822 N.E.2d 424 | Ohio Ct. App. | 2004
[EDITORS' NOTE: THIS PAGE CONTAINS HEADNOTES. HEADNOTES ARE NOT AN OFFICIAL PRODUCT OF THE COURT, THEREFORE THEY ARE NOT DISPLAYED.] *772
{¶ 1} Appellant, Service Employees International Union District 1199 ("SEIU"), appeals from a judgment of the Franklin County Court of Common Pleas affirming a final determination of appellee, Ohio Elections Commission ("OEC" or "commission"), that found that SEIU had violated R.C.
{¶ 2} In early 2003, the Cuyahoga County Commissioners placed on the May 6, 2003 ballot a proposal to replace an existing health and human services tax levy of 3.1 mills, which had an effective rate of 2.75 mills, with a replacement tax levy *773 of 4.9 mills. The tax levies applied to all taxable real property in Cuyahoga County. SEIU mailed brochures to voters in Cuyahoga County and aired a television advertisement opposing the proposed tax levy, designated as "Issue 15" on the ballot.
{¶ 3} The brochures included the following statements:
Issue 15 will cost homeowners a heck of a lot — an extra 60% in property taxes every year.
On May 6th, VOTE NO on Issue 15. TOO HIGH A PRICE. Too little accountability.
In addition, the brochures contained two drawings of a price tag. One was shown as attached to a drawing of a house and read: "Over 60% increase in our Property TAXES."
{¶ 4} The television advertisement contained similar statements, including one with an announcer stating, "They want to raise taxes 60 percent." The television advertisement also depicted a price tag with the quoted language, and it displayed a graphic that rotated on and off the screen with the statement "60% Tax Increase." Neither the campaign brochures nor the advertisement explained that Issue 15 involved a health and human services tax levy or that the 60 percent increase applied only to the health and human services tax levy, not to all property taxes.
{¶ 5} On April 22, 2003, a citizen's complaint was filed with the OEC alleging that SEIU had violated Ohio's election laws because the statements contained in the brochures and television advertisement regarding a 60 percent increase in property taxes were false. The complaint specifically alleged that the statements violated R.C.
{¶ 6} After a three-member panel of the commission found probable cause to proceed with the complaint, an evidentiary hearing was held before the full commission on May 5, 2003, one day before the election. At the hearing, evidence was presented that (1) passage of Issue 15 would raise the health and human services tax rate from an effective rate of 2.75 mills to an effective rate of 4.9 mills, (2) for a $100,000 home, an increase from 2.75 mills to 4.9 mills would result in the health and human services taxes levied on the home increasing from $84.32 under the then existing tax levy to $150.06 under the proposed replacement tax levy, a net increase of $65.74, and (3) a $65.74 increase in the health and human services tax levy constitutes more than a 60 percent increase in that specific tax levy, but the proposed increase in the health and human services tax *774 levy would result in a maximum increase of 5.06 percent in a resident's total property taxes.
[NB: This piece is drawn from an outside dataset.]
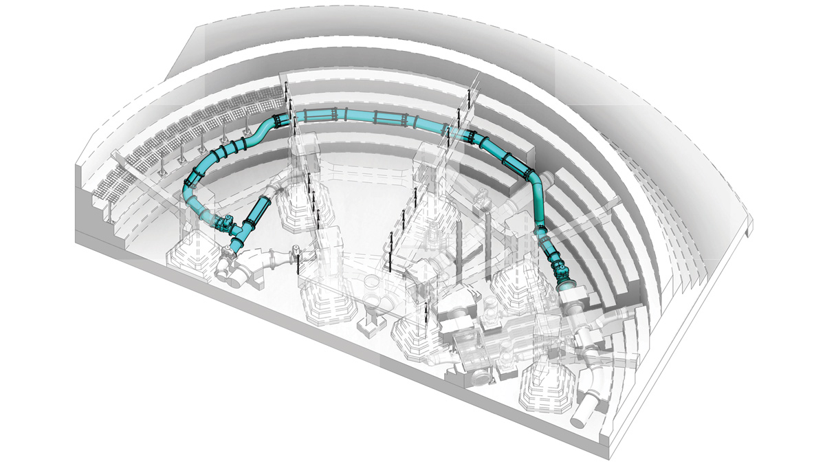 Isometric drawing of pipework within the tower basement – Courtesy of MMB
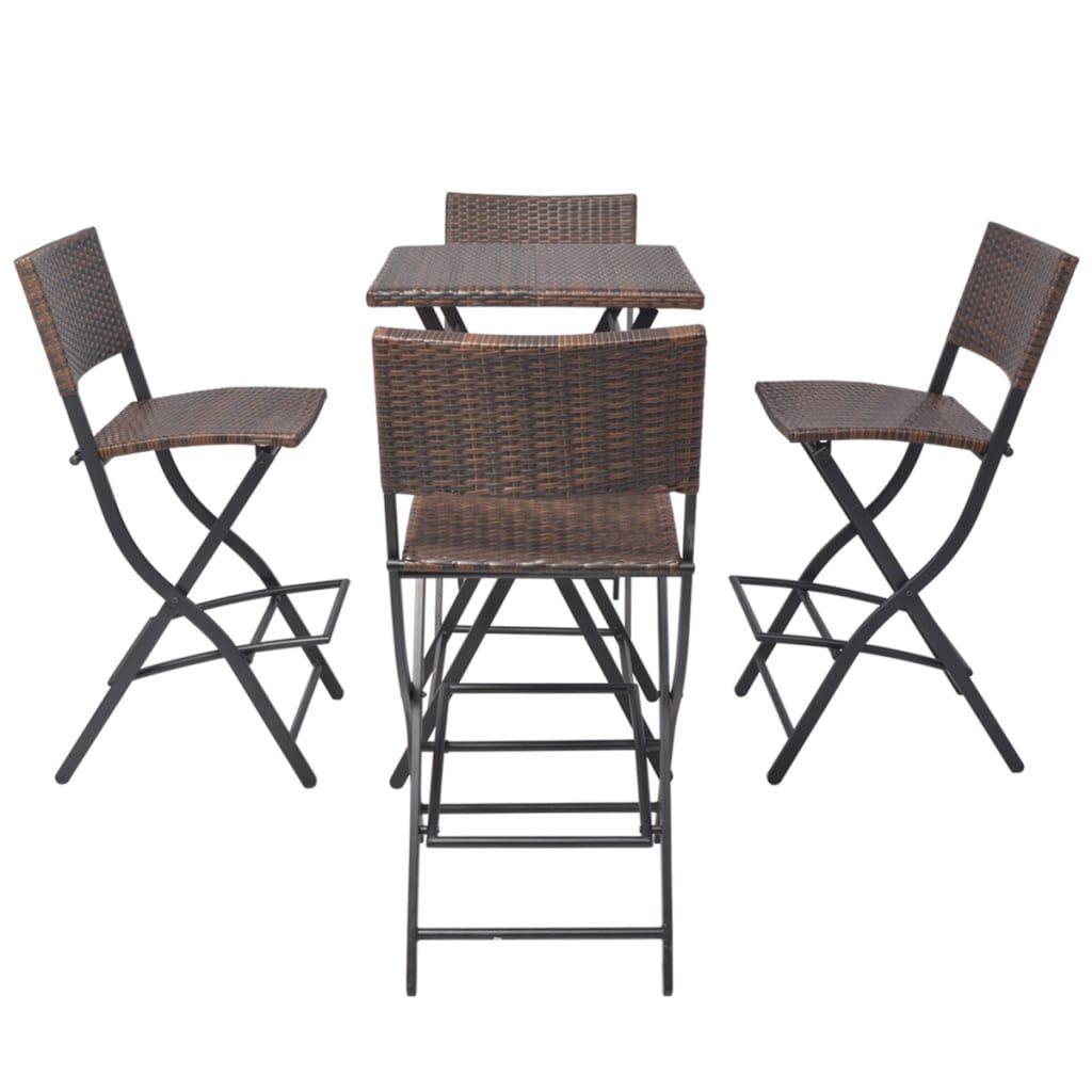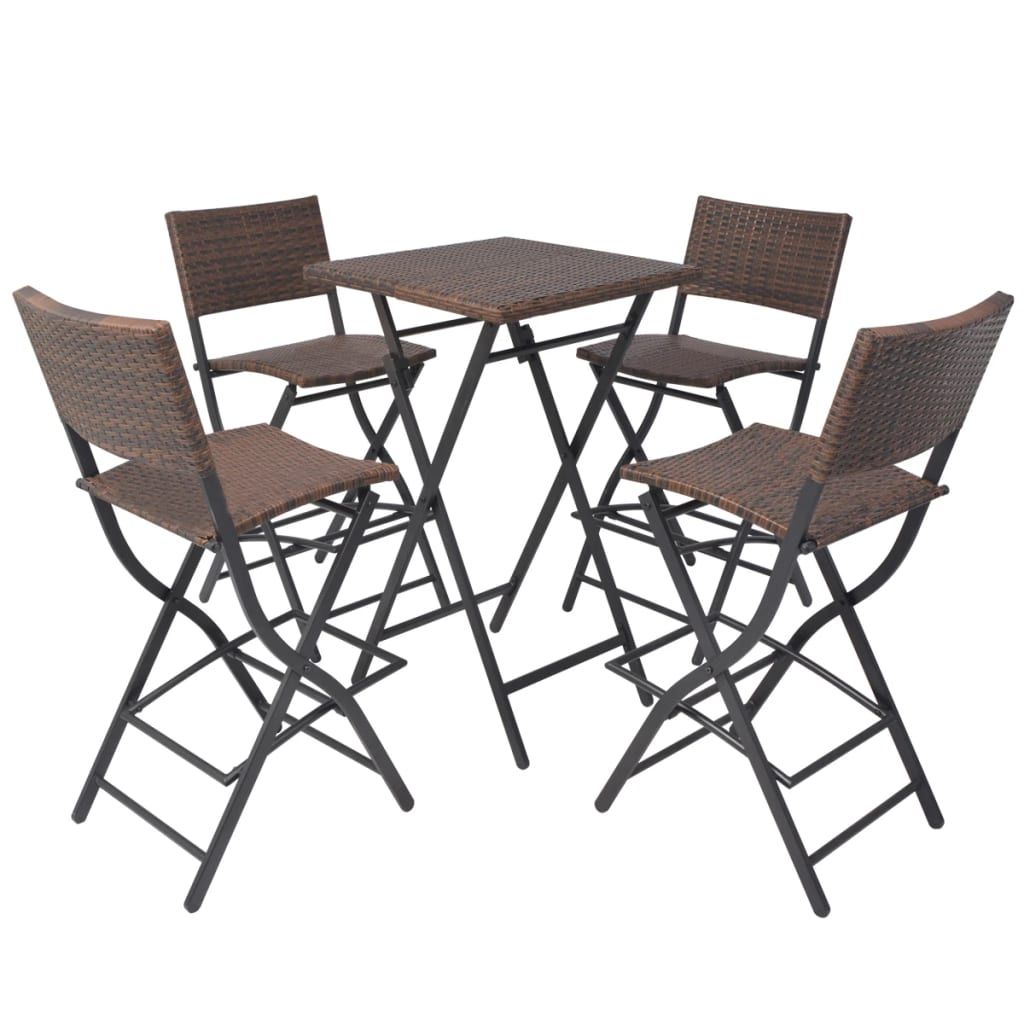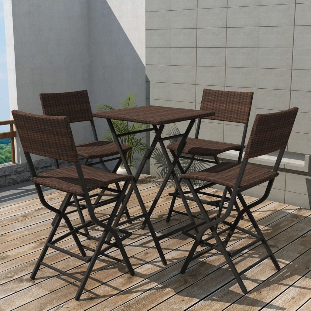 Zestaw barowy będzie świetnym dodatkiem do Twojego ogrodu czy patio. Sprawdzi się też idealnie jako zestaw do spożywania posiłków na świeżym powietrzu. Zestaw wykonany został z odpornego na warunki atmosferyczne, wodoodpornego polirattanu, dzięki czemu jest łatwy w czyszczeniu, wytrzymały i odpowiedni do codziennego użytku. Dzięki lekkiej konstrukcji jego elementy można z łatwością przestawiać. Stołki barowe posiadają podnóżki dla dodatkowego komfortu. Zarówno stół jak i krzesła są składane, dzięki czemu można zaoszczędzić miejsce podczas ich przechowywania. W skład przesyłki wchodzi 1 składany stolik barowy i 4 składane krzesła barowe. Montaż jest łatwy. Uwaga: zalecamy przykrycie mebli na czas deszczu, śniegu i mrozu.

{¶ 7} Although the foregoing evidence was not in dispute, the parties' interpretations of the evidence led to markedly different answers to the central question: What does "[o]ver 60% increase in our property taxes" mean as published in the brochures and television advertisement SEIU disseminated concerning Issue 15? Arguing that the phrase "our property taxes" clearly means all property taxes a resident is responsible for paying on his or her real property, the complainant asserted that the statement "60% increase in our property taxes" is false because a resident's total annual property taxes would increase a maximum of 5.06 percent, not 60 percent, if Issue 15 were approved by the voters.
{¶ 8} SEIU, in turn, argued that the entire context of the brochures and television advertisement relates to ballot Issue 15 and the property taxes paid for health and human services. SEIU contended that because no one disputed that the property taxes levied for health and human services would increase at least 60 percent if Issue 15 were approved, the statements in the campaign literature and advertisement were not false.
{¶ 9} At the conclusion of the hearing, the commission found, by a vote of four to three, that SEIU's inclusion of the phrase "[o]ver 60% increase in our property taxes" in its brochures and television advertisement violated R.C.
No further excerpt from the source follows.